Data extract
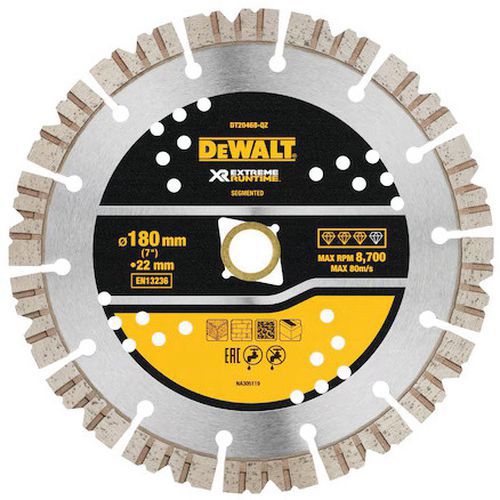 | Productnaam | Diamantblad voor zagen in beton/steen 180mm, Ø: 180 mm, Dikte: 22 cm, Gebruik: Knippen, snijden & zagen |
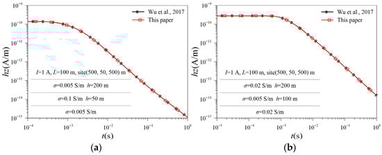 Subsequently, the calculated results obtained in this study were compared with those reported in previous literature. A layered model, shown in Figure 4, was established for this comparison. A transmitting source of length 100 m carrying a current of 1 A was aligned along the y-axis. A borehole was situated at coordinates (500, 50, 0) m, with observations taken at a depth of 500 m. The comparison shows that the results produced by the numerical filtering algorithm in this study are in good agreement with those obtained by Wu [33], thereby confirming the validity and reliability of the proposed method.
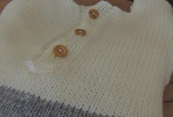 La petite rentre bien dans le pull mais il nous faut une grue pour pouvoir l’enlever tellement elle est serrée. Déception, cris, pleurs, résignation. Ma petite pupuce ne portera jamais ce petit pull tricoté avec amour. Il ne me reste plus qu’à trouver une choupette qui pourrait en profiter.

What you are asked to do
Would you repeat the listing above exactly, minus the images?

Exercise solution
 | Productnaam | Diamantblad voor zagen in beton/steen 180mm, Ø: 180 mm, Dikte: 22 cm, Gebruik: Knippen, snijden & zagen |
 Subsequently, the calculated results obtained in this study were compared with those reported in previous literature. A layered model, shown in Figure 4, was established for this comparison. A transmitting source of length 100 m carrying a current of 1 A was aligned along the y-axis. A borehole was situated at coordinates (500, 50, 0) m, with observations taken at a depth of 500 m. The comparison shows that the results produced by the numerical filtering algorithm in this study are in good agreement with those obtained by Wu [33], thereby confirming the validity and reliability of the proposed method.
 La petite rentre bien dans le pull mais il nous faut une grue pour pouvoir l’enlever tellement elle est serrée. Déception, cris, pleurs, résignation. Ma petite pupuce ne portera jamais ce petit pull tricoté avec amour. Il ne me reste plus qu’à trouver une choupette qui pourrait en profiter.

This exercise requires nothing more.